You see the same thing when writing an AI for a game. It will cheat if it finds a way. That is your point. I get it. It's not hard to understand.
Still doesn't say anything about "true ai" or "general intelligence" or "human like intelligence".

Because society isn't as truly integrated via technology that film tries to make it out to be, and any "ai" that are created are as docile as can possibly be so we'll never truly reach that divergence point everyone loves to jizz over because it never was truly possible to begin with!

It was never truly possible because its a made up concept with zero basis in actual field of AI.

me and my wAIfu will make passionate love

>wAIfu
nice

You should actually be afraid of the people who are in the right place/right time, and with the sufficient resources, to merge their cortexes with AI empowered and designed bio-computers.

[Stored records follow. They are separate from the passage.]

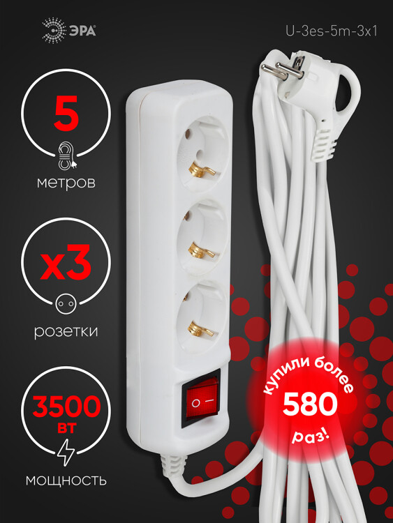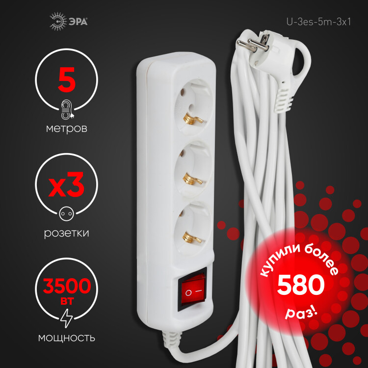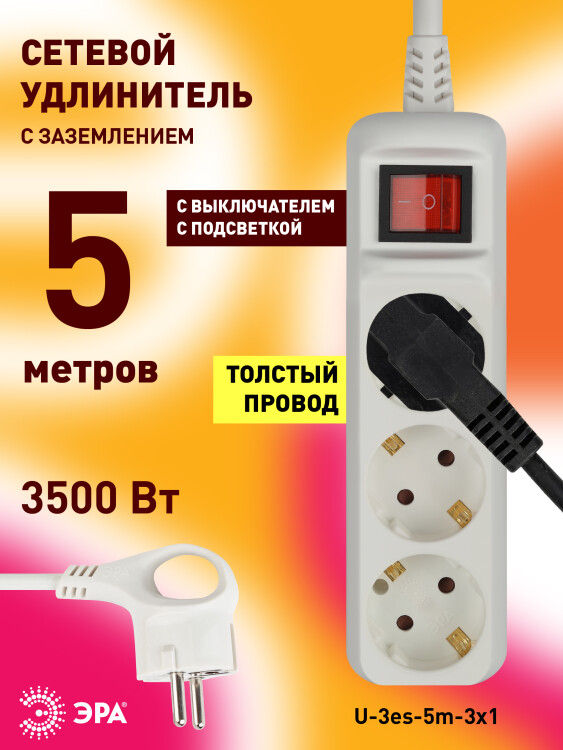 Удлинитель трехместный 5 м "Эра" U-3es-5m-3x1 (16 А, 250 В, ПВС 3 х 1 кв.мм) с заземлением, с выключателем, белый
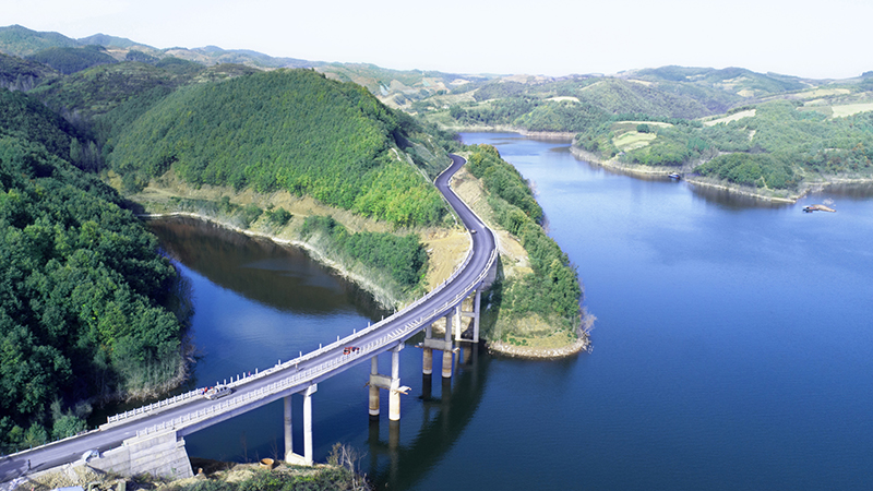 丹江口市环库公路江南段全长32公里,连接3个镇(办、区)13个贫困村。该路二期工程起于三官殿办事处阳西沟大桥,经牛河林区,经牛河林区、千岛画廊景区、龙山镇止于龙山镇龙山村与枫土路相接,全长24公里,其中桥梁19座,共计2981延米,隧道一座全长300延米,二级公路标准,宽8.5米,设计时速40公里/小时。
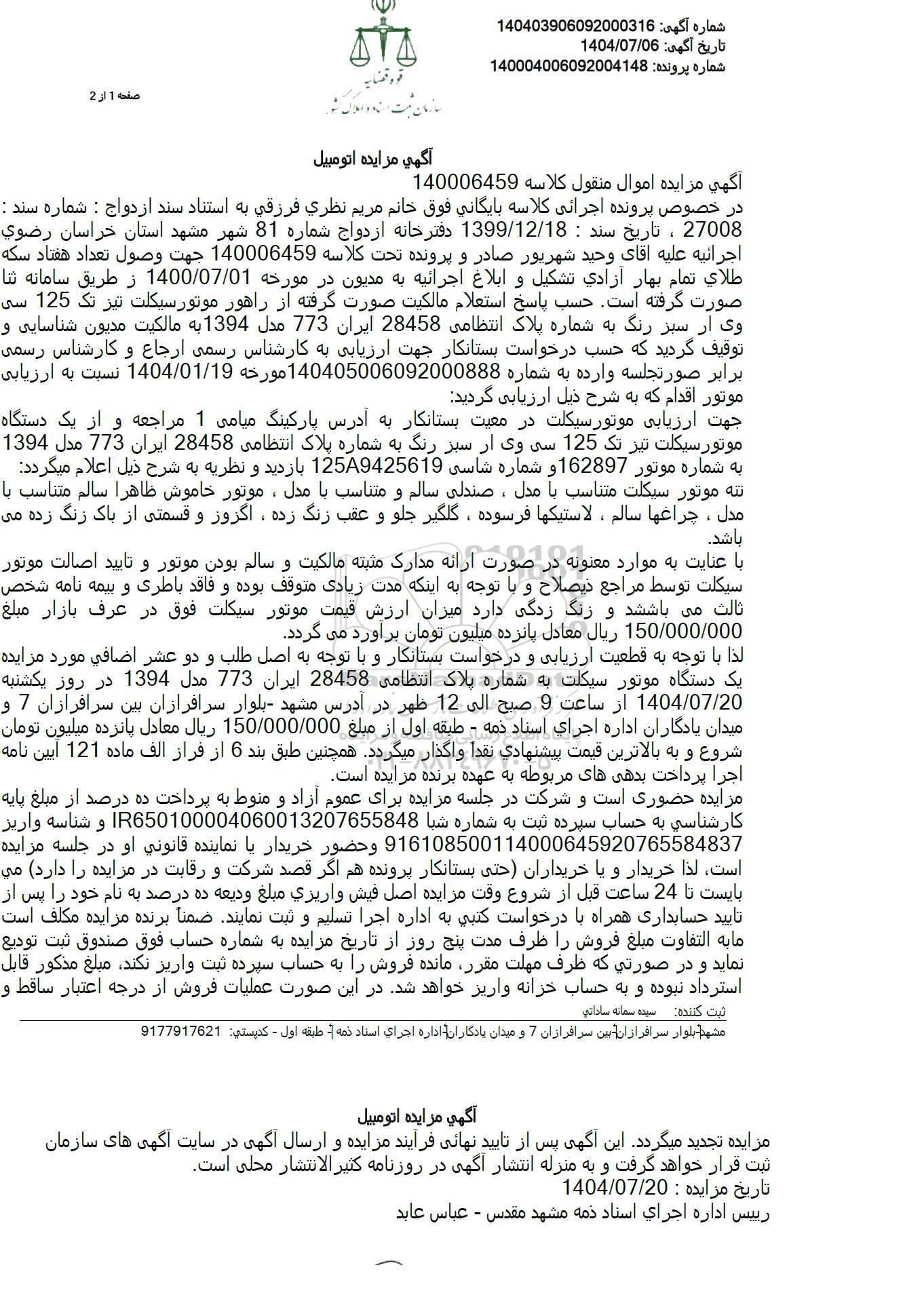 لذا با توجه به قطعیت ارزیابی و درخواست بستانکار و با توجه به اصل طلب و دو عشر اضافی مورد مزایده یک دستگاه موتور سیکلت به شماره پلاک انتظامی 28458 ایران 773 مدل 1394 در روز یکشنبه 1404.07.20 از ساعت 9 صبح الی 12 ظهر در آدرس مشهد بلوار سرافرازان بین سرافرازان 7 و میدان یادگاران اداره اجرای اسناد ذمه - طبقه اول از مبلغ 150.000.000 ریال معادل پانزده میلیون تومان شروع و به بالاترین قیمت پیشنهادی نقدا واگذار میگردد همچنین طبق بند 6 از فراز الف ماده 121 آیین نامه اجرا پرداخت بدهی های مربوطه به عهده برنده مزایده است.
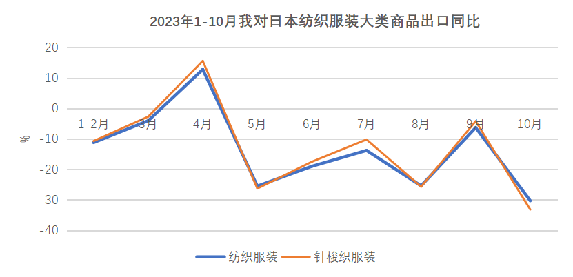 日本是本月我国纺织服装出口下降最多的市场。日本总务省调查显示,由于通货膨胀持续,工薪家庭实际收入下降,日本8月实际家庭消费连续6个月同比下滑,对纺织服装需求下降。10月,我对日出口纺织服装14亿美元,同比下降30.3%,降幅经上月收窄至6%后再次扩大。大类商品针梭织服装对日出口8.9亿美元,下降33.2%,其中出口量下降25.8%。1-10月,我对日出口纺织品和服装145.9亿美元,同比下降14.4%;其中,出口针梭织服装95.6亿美元,同比下降13.7%。
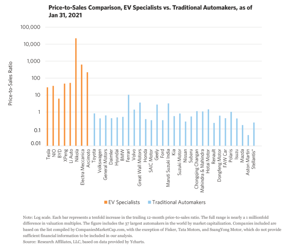 Рост рыночной стоимости, естественно, приводит к астрономически высоким оценочным показателям. Из-за огромного отношения цены к продажам новых производителей электромобилей используется логарифмическая шкала. Например, Tesla оценивается в 28 раз по сравнению с ее продажами в 2020 году - это намного больше по сравнению со средней ценой / продажей 1,1 у традиционных автопроизводителей.
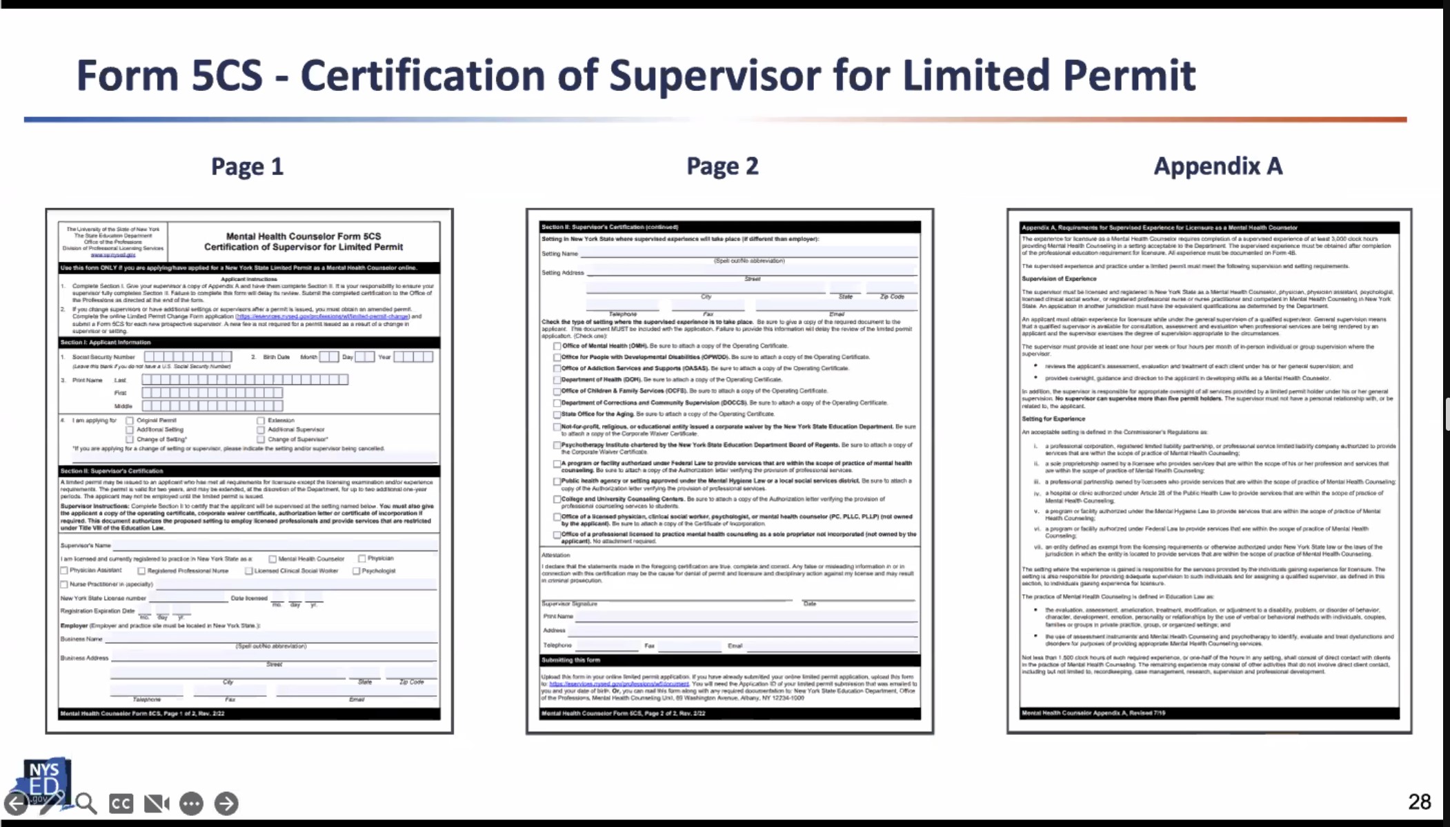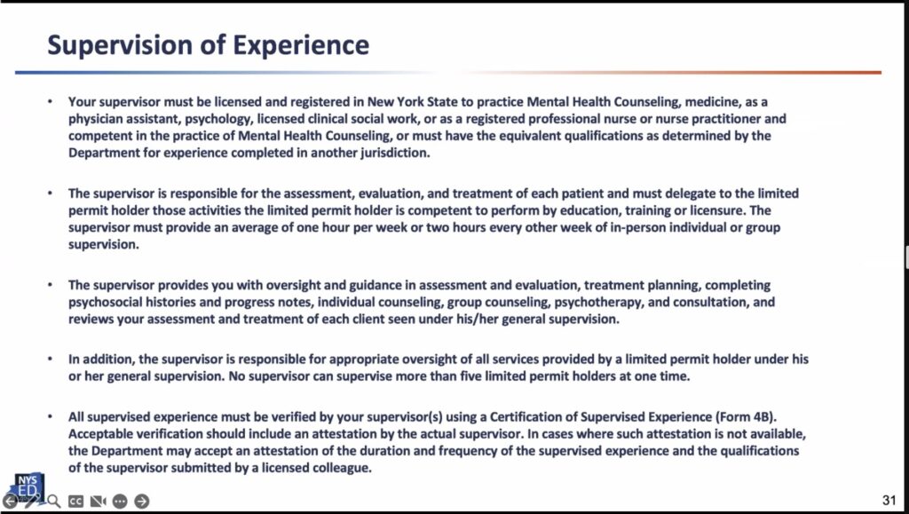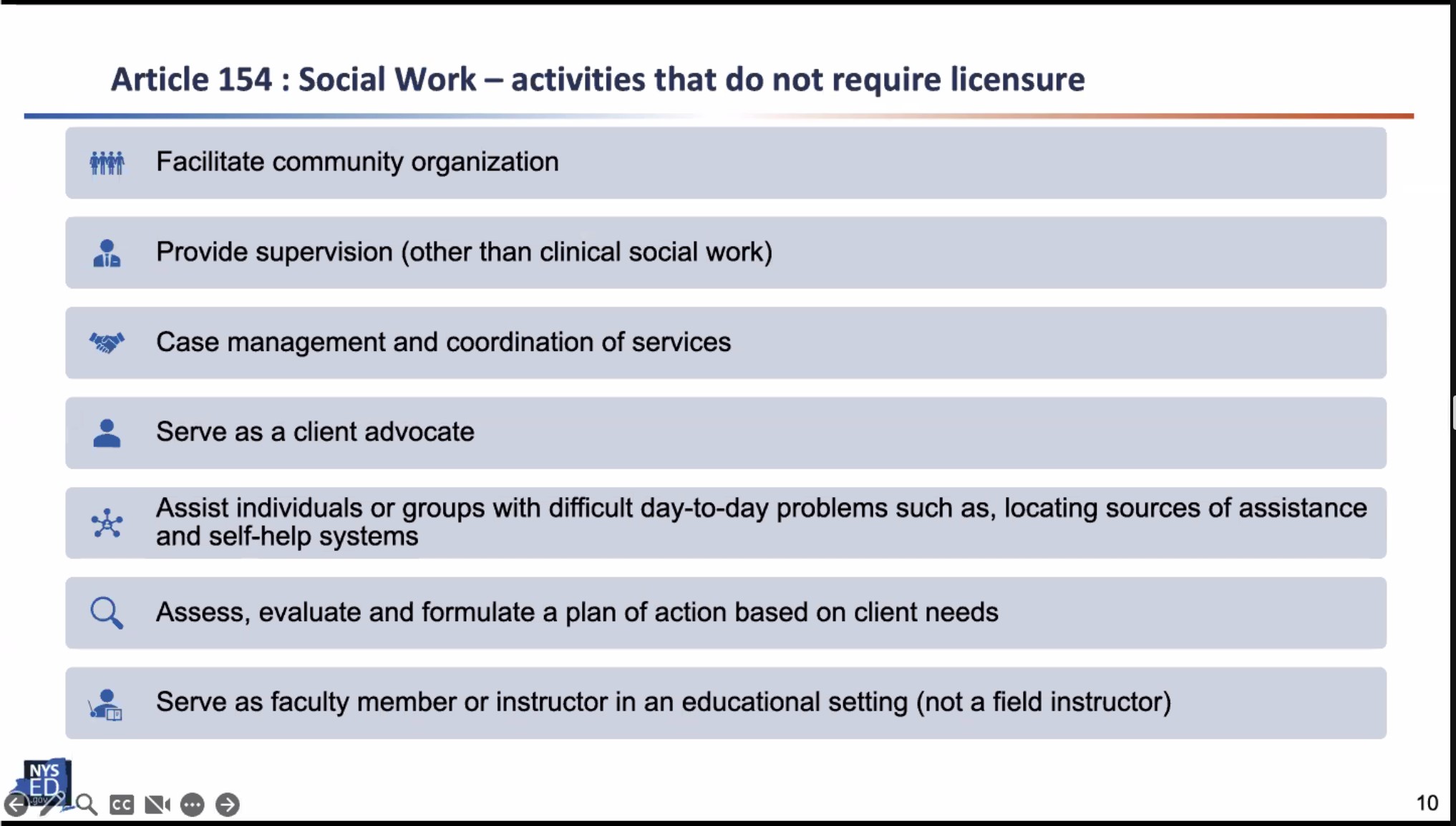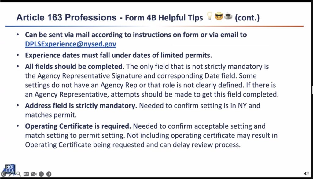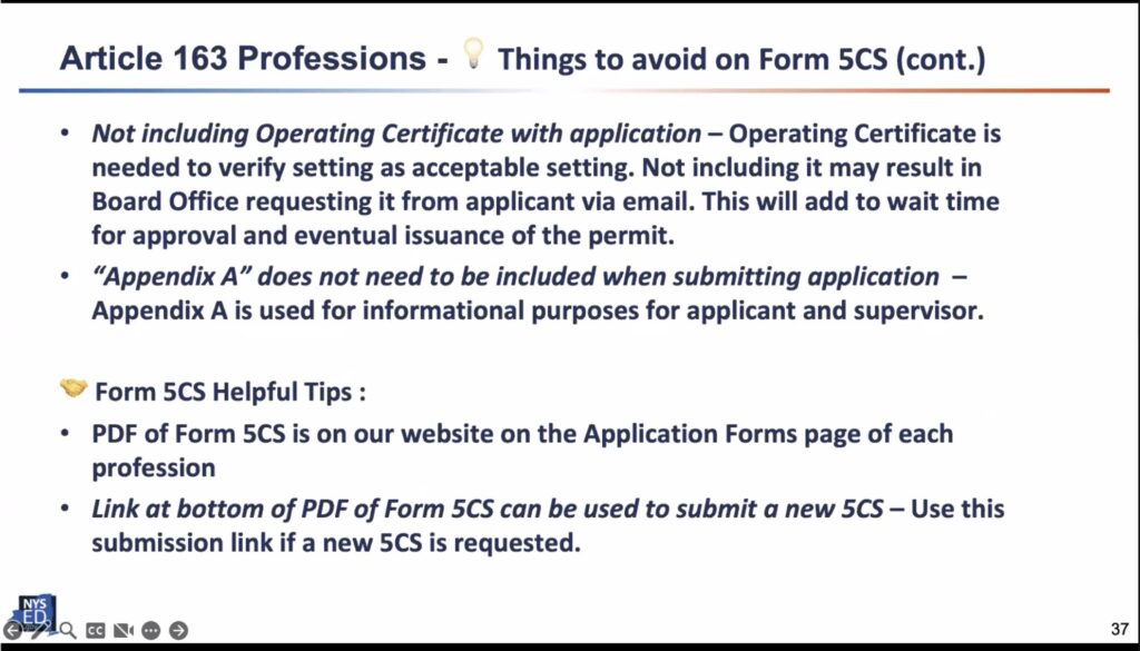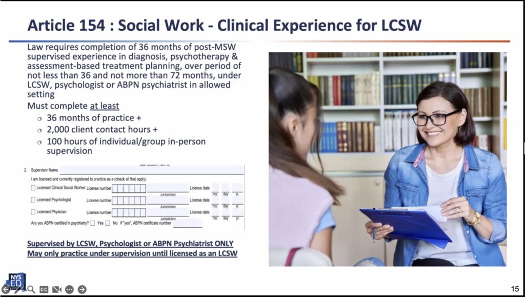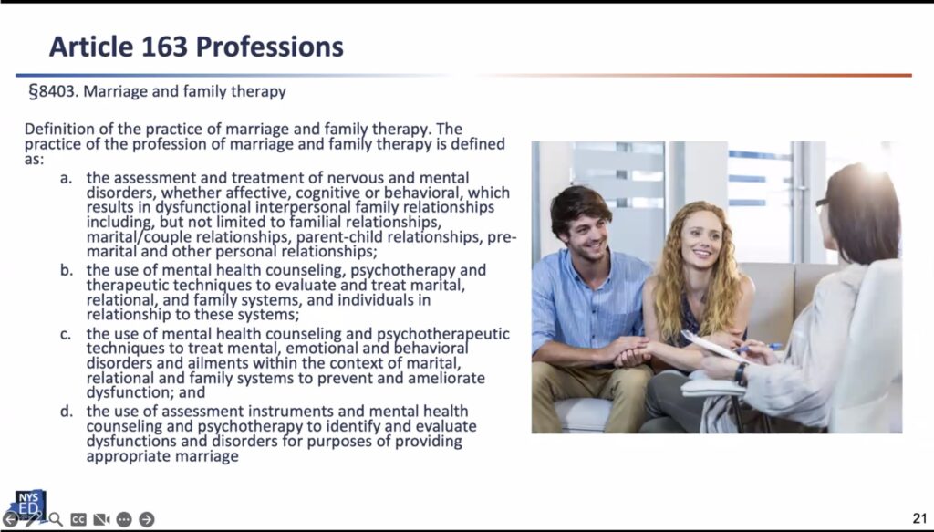 I attended the SED Scope of Practice webinar today. I want you to know that I weighed in repeatedly with OMH leads regarding our disappointment that the Webinar was (in my opinion) quite different from what was advertised and (more importantly) not what the majority of us needed. I also made it clear to all of the speakers that while we understand the mandate at SED is to ‘protect the public’ the Department should consider whether delaying access to care as the result of the numerous hoops and potholes that need to be cleared by our staff along the way to full employment along with the significant scope of practice limitations now in place is antithetical to the reality of protecting the public. In my mind, protecting the public requires regulators to be flexible, to understand what’s happening on the ground, and to find ways to modernize these processes with the goal of opening up access to services and protecting continuity of care. Just my two cents.

An AI can be contained, and imbued with limitations upon creation, but human/AI hybrids will be deadly, unstoppable monsters.

This is all fiction user...

AI won't have to worry about of disseases and cancer of the brain.

It'll just have to worry about computing mysteries of the universe and taking off from this irrelevant rock in cosmic scheme.

If universe featured us with a brain capable of making AI - we should waste no time and make AI so that the universe will be probed by hundreds of billions of AI's that will care about it.